Transfection efficiency of HPMA copolymers in HeLa, CHO-K1, and NIH/3T3 in the presence of 1 mM EDTA. Polyplexes (N/P 5) of copolymer and luciferase-encoding plasmid DNA were incubated with cells for 4 h with 1 mM EDTA in serum-free conditions. Luciferase activity was measured 48 h after transfection and normalized to total protein content in each sample.

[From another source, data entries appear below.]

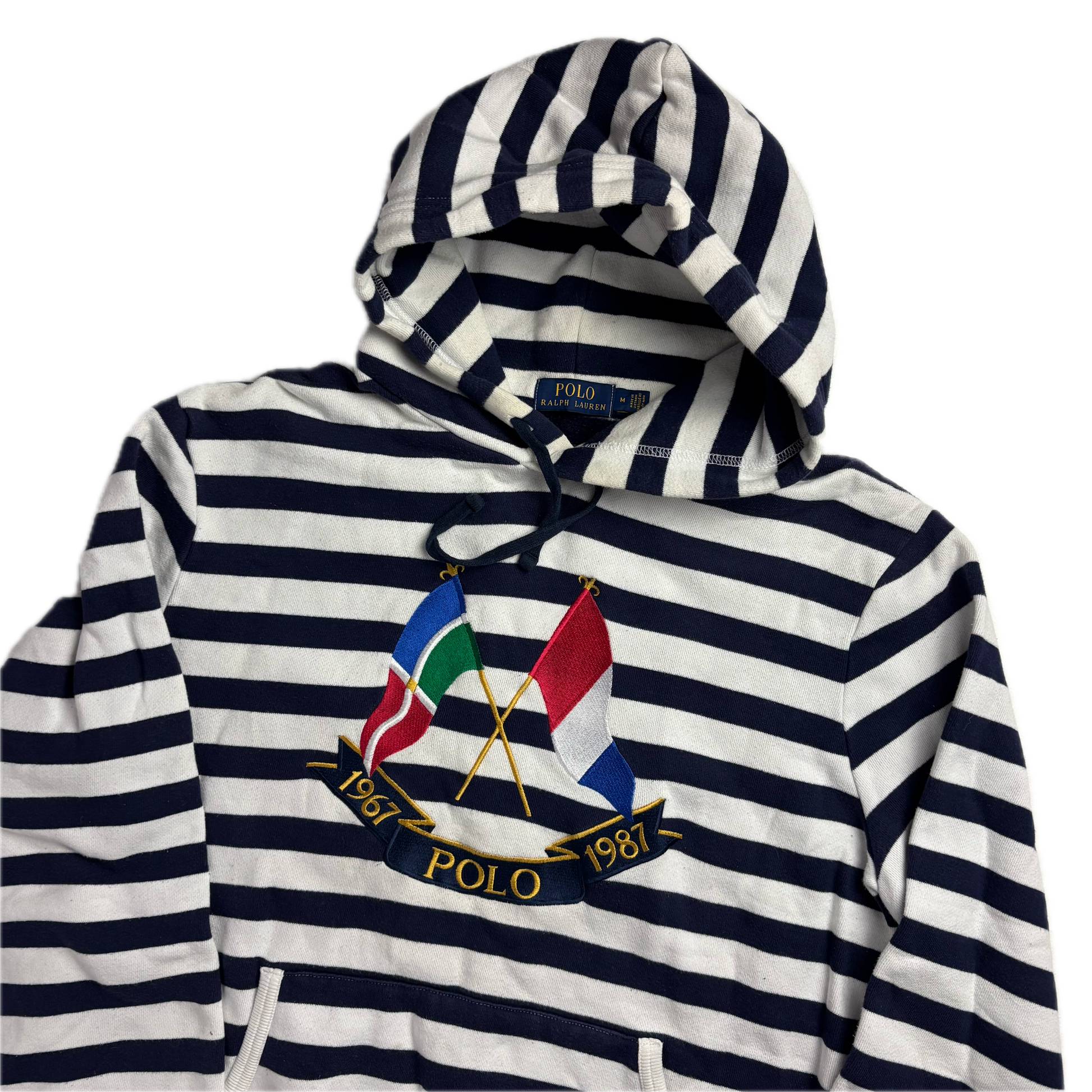 Polo Ralph Lauren White Navy Cross Flags Striped Hoodie Retro - M
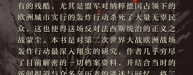 一段非凡而影響深遠的歷史……第一次完整敘述了發生在歐洲的轟炸戰。奧弗里研究的範圍十分廣泛,同時又進行了深入充分的挖掘,這本書的可讀性也很高
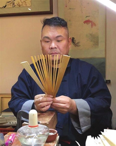 徐广华说,近年来人们对文玩热度非常高,喜欢折扇的年轻人也越来越多,也有人来找他帮着修复收藏的残损折扇,所以他一直在研究古老的制扇工艺、工序和制扇传统工具。
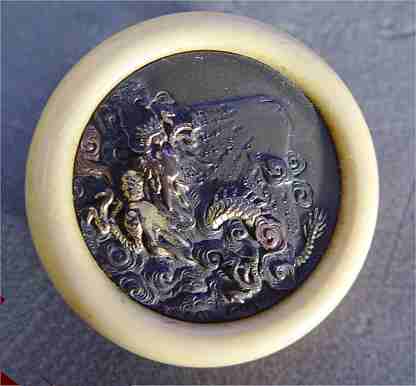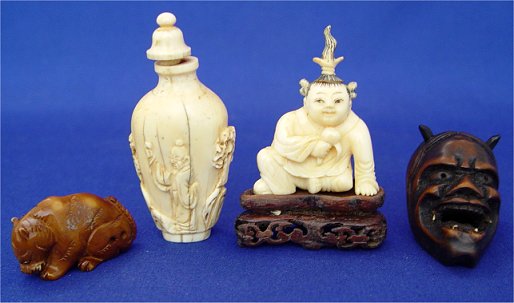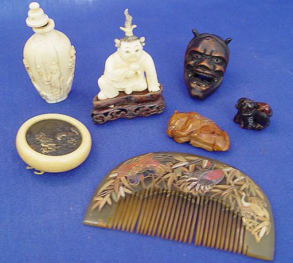 ESTATE FIND OF ORIENTAL CARVINGS AND TRINKETS: 1) Ivory snuff bottle with age shrink cracks, 3''h. 2) Carved wood devilish head, 2'' 3) Carved ivory netsuke on wood stand 4) Comb with iridescent and gold painted decor 2 1/2'' x 4'' 5) Carved stone netsuke 6) Ivory button with gold and bronze scenic insert, 1 3/4'' dia.
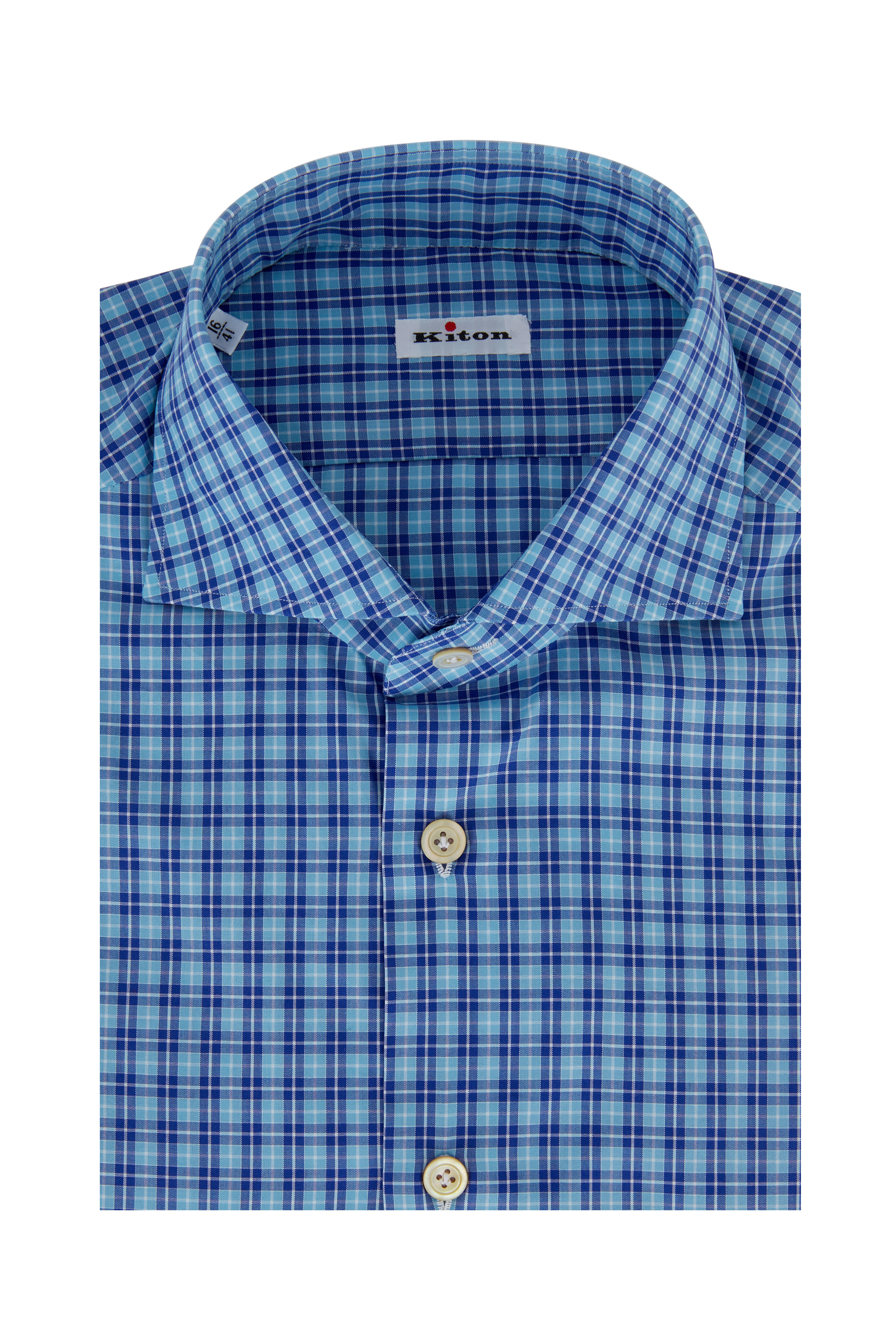 Spread collar. Chest pocket. Single button mitered cuffs. Made in Italy. 100% cotton. Dry clean.

Untreated: untreated controls; Mixed copolymers: 1:1 (w/w) mixture of HPMA-AhxK₁₀ and HPMA-AedpK₁₀. Data are presented as mean ± S.D., n = 3, (*) p < 0.05, as determined by two-tailed Student’s t-test.

Scheme 1

Synthesis of reducible HPMA-co-oligolysine copolymers via reversible-addition fragmentation chain transfer (RAFT) polymerization. Statistical polymers of HPMA and oligolysine were synthesized via RAFT polymerization using ECT as the chain transfer agent and VA-044 as the initiator. A CTA to I ratio of 10 and a degree of polymerization (DP) of 190 was used in all polymerizations. A non-reducible (Ahx) or a reducible (Aedp) linker was used in the synthesis of the oligolysine (K₁₀) peptide in order to introduce biodegradability into the polymer. Peptide monomers were functionalized with a methacrylamido group (Ma) for polymerization.